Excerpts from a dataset
==*==
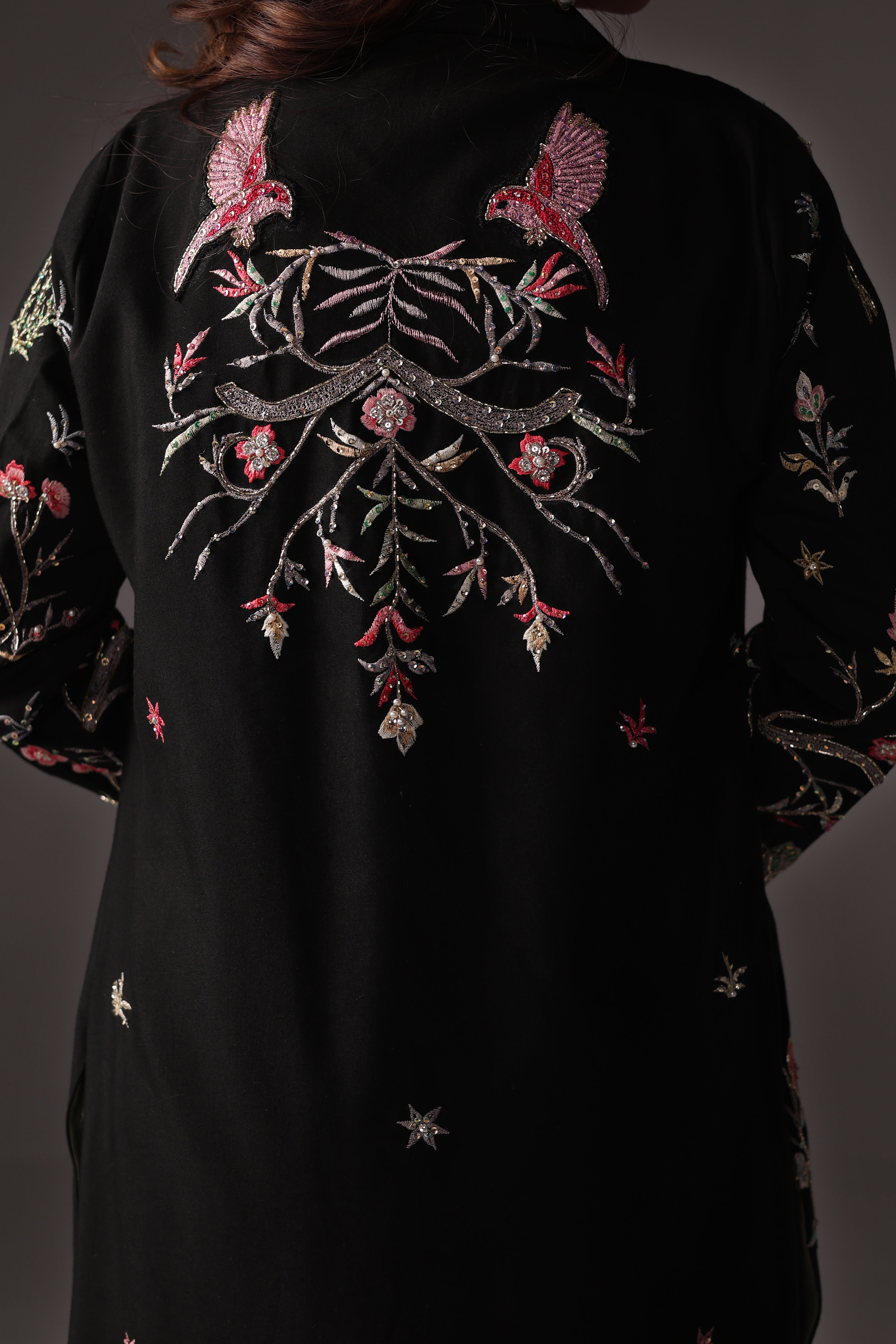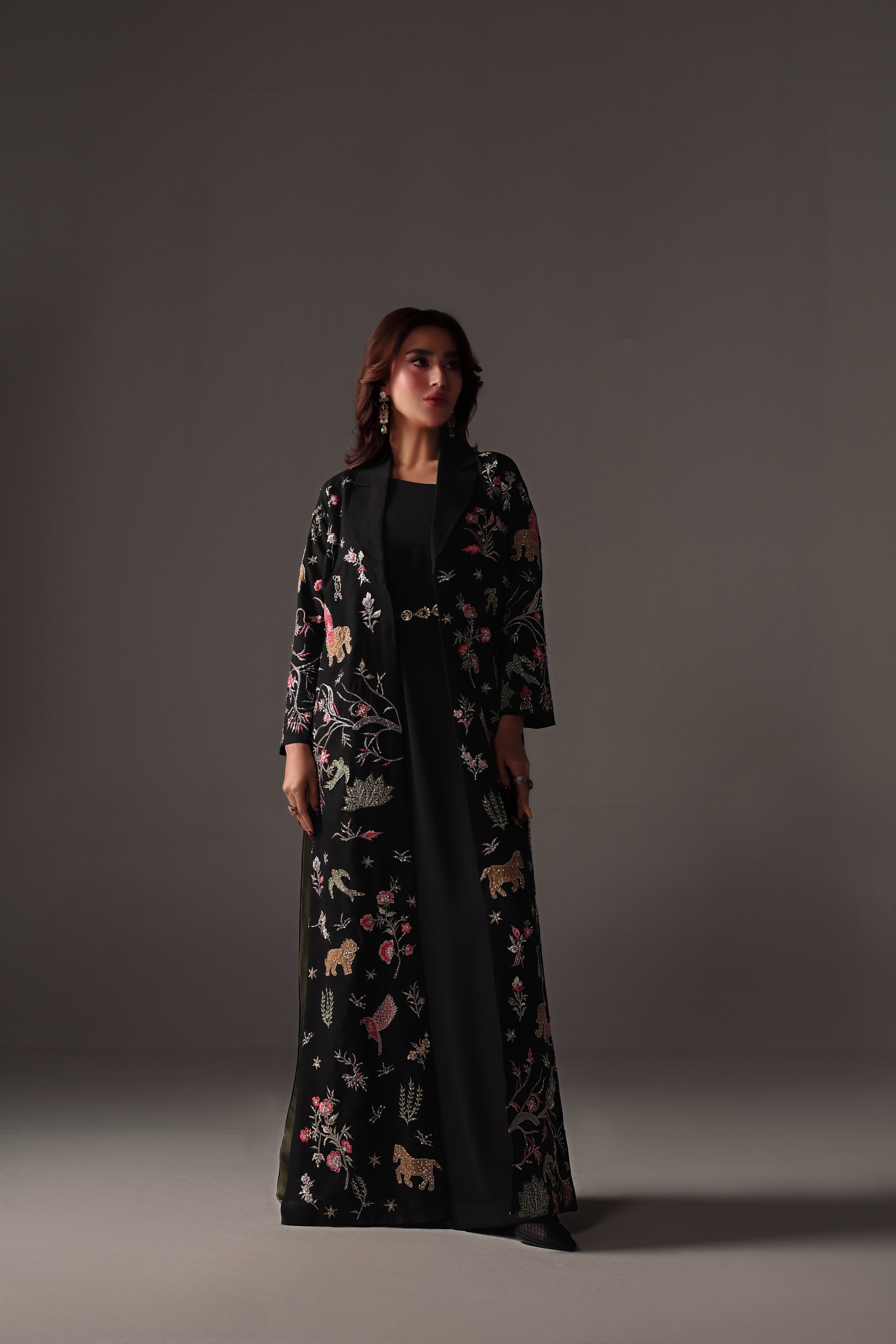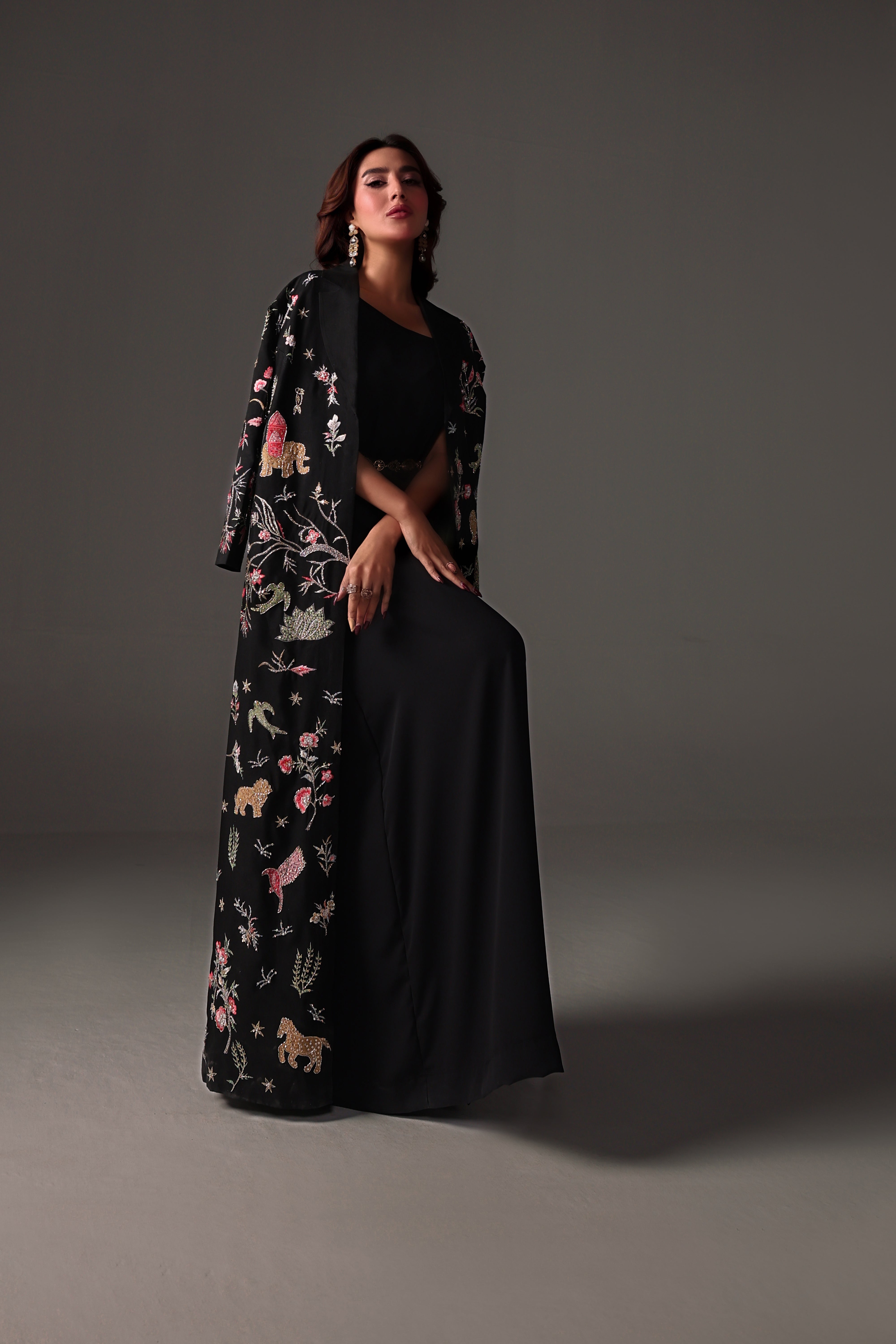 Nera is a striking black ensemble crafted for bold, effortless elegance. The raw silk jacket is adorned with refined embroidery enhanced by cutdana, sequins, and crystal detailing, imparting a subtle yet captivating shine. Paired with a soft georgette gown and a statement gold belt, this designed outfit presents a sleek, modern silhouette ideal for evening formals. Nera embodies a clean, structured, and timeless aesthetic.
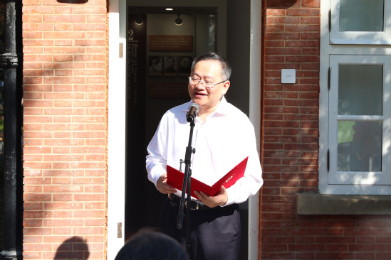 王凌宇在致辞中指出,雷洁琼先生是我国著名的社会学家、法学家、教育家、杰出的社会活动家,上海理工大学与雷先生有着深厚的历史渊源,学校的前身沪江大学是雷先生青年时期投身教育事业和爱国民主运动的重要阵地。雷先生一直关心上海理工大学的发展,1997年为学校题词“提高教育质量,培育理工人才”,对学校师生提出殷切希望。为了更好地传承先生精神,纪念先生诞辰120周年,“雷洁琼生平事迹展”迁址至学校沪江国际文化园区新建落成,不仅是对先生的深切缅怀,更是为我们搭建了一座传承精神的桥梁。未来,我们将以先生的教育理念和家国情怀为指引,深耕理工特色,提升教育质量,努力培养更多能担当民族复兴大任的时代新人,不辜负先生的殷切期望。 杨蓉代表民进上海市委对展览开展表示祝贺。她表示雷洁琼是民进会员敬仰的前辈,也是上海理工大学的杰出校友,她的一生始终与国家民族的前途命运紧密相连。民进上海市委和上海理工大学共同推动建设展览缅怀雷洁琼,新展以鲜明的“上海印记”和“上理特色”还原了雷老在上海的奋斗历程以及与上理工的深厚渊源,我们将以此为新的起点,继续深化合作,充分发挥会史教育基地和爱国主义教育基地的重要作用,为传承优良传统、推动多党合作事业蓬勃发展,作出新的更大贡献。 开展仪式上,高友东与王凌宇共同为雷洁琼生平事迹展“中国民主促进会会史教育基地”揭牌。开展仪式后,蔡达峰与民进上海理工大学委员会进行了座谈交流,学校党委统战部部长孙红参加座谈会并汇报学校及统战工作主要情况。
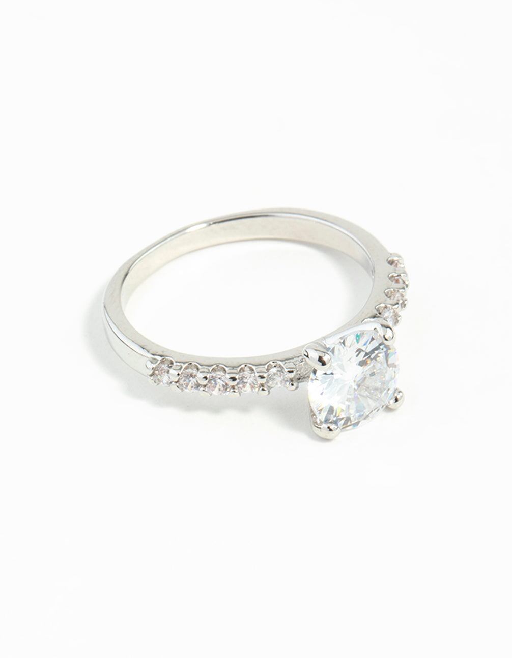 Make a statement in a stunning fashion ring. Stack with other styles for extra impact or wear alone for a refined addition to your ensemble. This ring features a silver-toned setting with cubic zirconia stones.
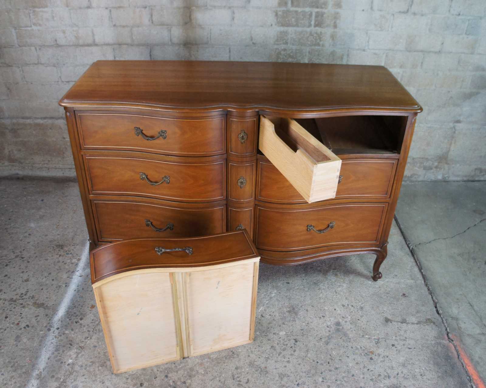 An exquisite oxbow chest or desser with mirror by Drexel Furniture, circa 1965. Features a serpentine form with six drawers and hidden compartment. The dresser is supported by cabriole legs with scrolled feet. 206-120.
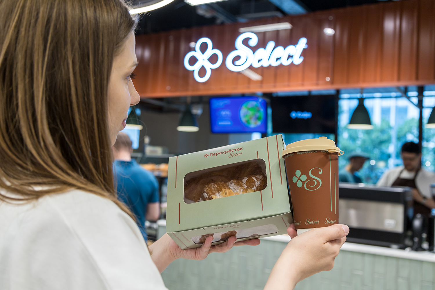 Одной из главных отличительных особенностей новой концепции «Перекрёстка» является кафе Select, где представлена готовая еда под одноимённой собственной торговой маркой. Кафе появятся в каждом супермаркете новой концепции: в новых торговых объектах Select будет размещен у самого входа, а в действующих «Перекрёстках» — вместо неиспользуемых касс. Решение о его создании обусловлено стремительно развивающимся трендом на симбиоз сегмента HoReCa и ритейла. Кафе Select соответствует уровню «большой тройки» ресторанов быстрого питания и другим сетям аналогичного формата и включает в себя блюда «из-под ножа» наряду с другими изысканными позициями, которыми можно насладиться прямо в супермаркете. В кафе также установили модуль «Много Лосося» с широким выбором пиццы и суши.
==*==
WORK INSTRUCTION
Images stay out, but the rest of the records must be retyped exactly.

ANSWER TO THIS TASK
 Nera is a striking black ensemble crafted for bold, effortless elegance. The raw silk jacket is adorned with refined embroidery enhanced by cutdana, sequins, and crystal detailing, imparting a subtle yet captivating shine. Paired with a soft georgette gown and a statement gold belt, this designed outfit presents a sleek, modern silhouette ideal for evening formals. Nera embodies a clean, structured, and timeless aesthetic.
 王凌宇在致辞中指出,雷洁琼先生是我国著名的社会学家、法学家、教育家、杰出的社会活动家,上海理工大学与雷先生有着深厚的历史渊源,学校的前身沪江大学是雷先生青年时期投身教育事业和爱国民主运动的重要阵地。雷先生一直关心上海理工大学的发展,1997年为学校题词“提高教育质量,培育理工人才”,对学校师生提出殷切希望。为了更好地传承先生精神,纪念先生诞辰120周年,“雷洁琼生平事迹展”迁址至学校沪江国际文化园区新建落成,不仅是对先生的深切缅怀,更是为我们搭建了一座传承精神的桥梁。未来,我们将以先生的教育理念和家国情怀为指引,深耕理工特色,提升教育质量,努力培养更多能担当民族复兴大任的时代新人,不辜负先生的殷切期望。 杨蓉代表民进上海市委对展览开展表示祝贺。她表示雷洁琼是民进会员敬仰的前辈,也是上海理工大学的杰出校友,她的一生始终与国家民族的前途命运紧密相连。民进上海市委和上海理工大学共同推动建设展览缅怀雷洁琼,新展以鲜明的“上海印记”和“上理特色”还原了雷老在上海的奋斗历程以及与上理工的深厚渊源,我们将以此为新的起点,继续深化合作,充分发挥会史教育基地和爱国主义教育基地的重要作用,为传承优良传统、推动多党合作事业蓬勃发展,作出新的更大贡献。 开展仪式上,高友东与王凌宇共同为雷洁琼生平事迹展“中国民主促进会会史教育基地”揭牌。开展仪式后,蔡达峰与民进上海理工大学委员会进行了座谈交流,学校党委统战部部长孙红参加座谈会并汇报学校及统战工作主要情况。
 Make a statement in a stunning fashion ring. Stack with other styles for extra impact or wear alone for a refined addition to your ensemble. This ring features a silver-toned setting with cubic zirconia stones.
 An exquisite oxbow chest or desser with mirror by Drexel Furniture, circa 1965. Features a serpentine form with six drawers and hidden compartment. The dresser is supported by cabriole legs with scrolled feet. 206-120.
 Одной из главных отличительных особенностей новой концепции «Перекрёстка» является кафе Select, где представлена готовая еда под одноимённой собственной торговой маркой. Кафе появятся в каждом супермаркете новой концепции: в новых торговых объектах Select будет размещен у самого входа, а в действующих «Перекрёстках» — вместо неиспользуемых касс. Решение о его создании обусловлено стремительно развивающимся трендом на симбиоз сегмента HoReCa и ритейла. Кафе Select соответствует уровню «большой тройки» ресторанов быстрого питания и другим сетям аналогичного формата и включает в себя блюда «из-под ножа» наряду с другими изысканными позициями, которыми можно насладиться прямо в супермаркете. В кафе также установили модуль «Много Лосося» с широким выбором пиццы и суши.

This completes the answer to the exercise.